Question
What does it mean that capacity for different types of work?
Quick Answer
You may have different capacities for creative work analytical work and social interaction.
You may have different capacities for creative work analytical work and social interaction.
Example: A product manager finishes four hours of writing a product strategy document — generative, open-ended work that requires holding ambiguity in mind while synthesizing multiple inputs. She is spent. She cannot write another coherent paragraph. But she sits down and runs a two-hour data analysis on conversion funnels — convergent, detail-oriented work that requires following logical steps to a precise conclusion — and feels engaged, even energized. Afterward, she takes a one-hour call with a client, navigating social dynamics and reading emotional cues. By 5 PM she has done seven hours of high-quality work, not because she had seven hours of generic 'capacity' but because each type of work drew from a separate cognitive pool. Creative was exhausted by noon. Analytical was fresh until 3 PM. Social had barely been touched until 4 PM. She sequenced across pools instead of draining one until it broke.

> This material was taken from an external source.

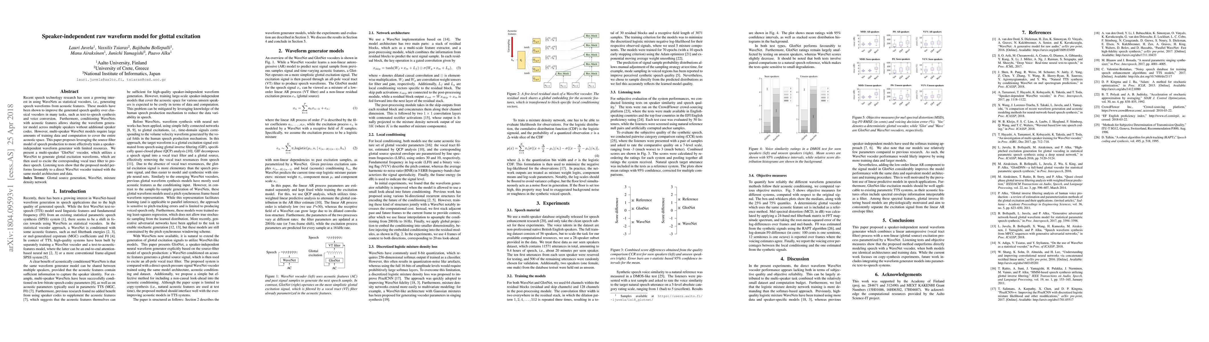 This paper introduces a speaker-independent vocoder called GlotNet, which uses WaveNets to generate glottal excitation waveforms that excite a vocal tract filter to produce speech. The model shows favorable performance compared to a direct WaveNet vocoder, demonstrating effective training with limited resources.
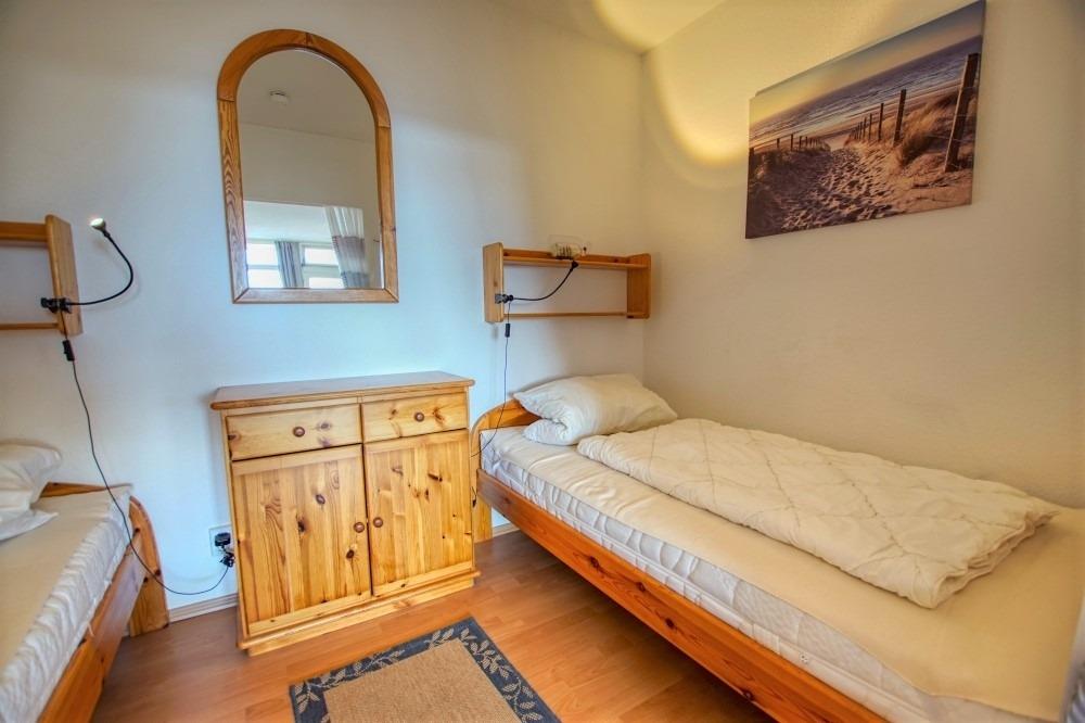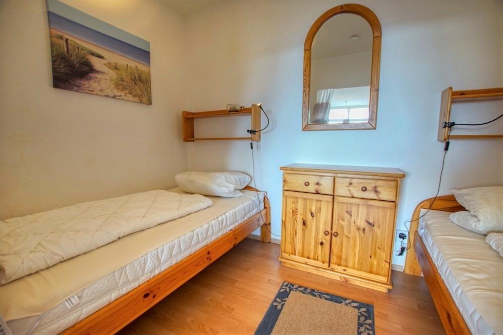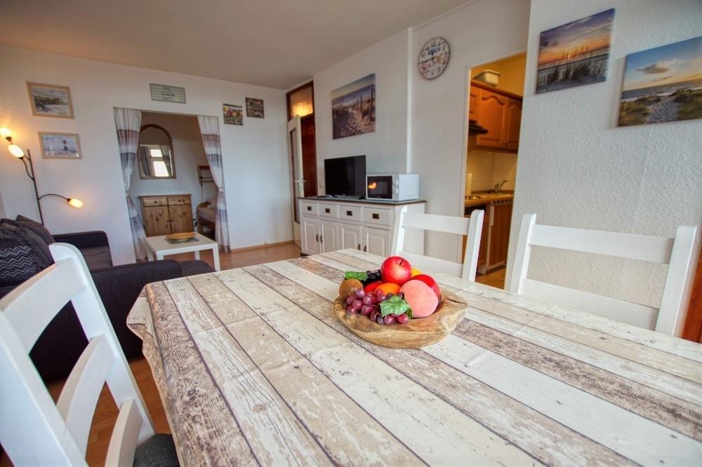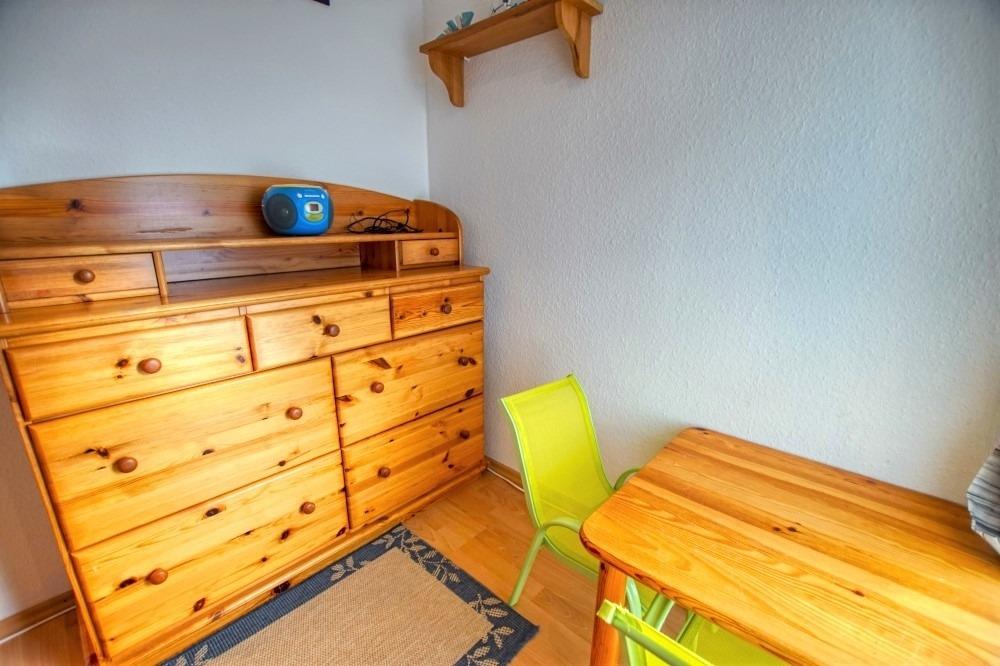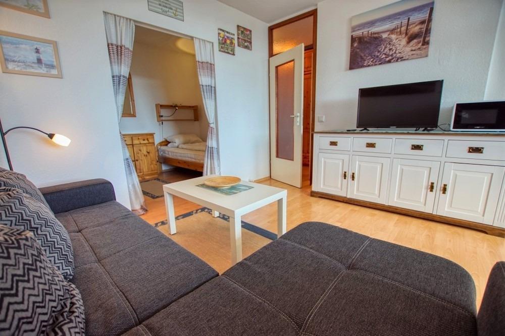 Die Wohnung verfügt über einen Wohn-Schlafbereich mit zwei Einzelbetten, separates Kinderzimmer mit Etagenbett, Laminatboden, Flachbild-TV, Sofa und Esstisch. Die Küchenzeile ist mit Kühlschrank, Gefrierfach, 4-Plattenherd, Mikrowelle, Kaffeemaschine, Wasserkocher und Toaster ausgestattet. Badezimmer mit WC und Duschkabine. Nichtraucherwohnung, keine Haustiere, Fahrstuhl, abschließbare Fahrradräume, ca. 300 m zum Strand, kostenfreier Parkplatz. Perfekte Lage nahe Strand, Aktiv-Hus, Geschäften und Gastronomie.

Try this: For one full work week, track every work block of thirty minutes or more. Classify each block into one of four types: creative (generative, open-ended — writing, designing, brainstorming, strategizing), analytical (convergent, detail-oriented — debugging, data analysis, financial review, proofreading), social (interpersonal — meetings, calls, collaboration, difficult conversations), or administrative (logistical — email, scheduling, filing, invoicing). At the end of each day, note the time at which each type became noticeably depleted — the point where quality dropped, resistance spiked, or you started avoiding that type of work. By Friday, you will have a rough capacity map: your daily ceiling for each type and the depletion curve for each pool.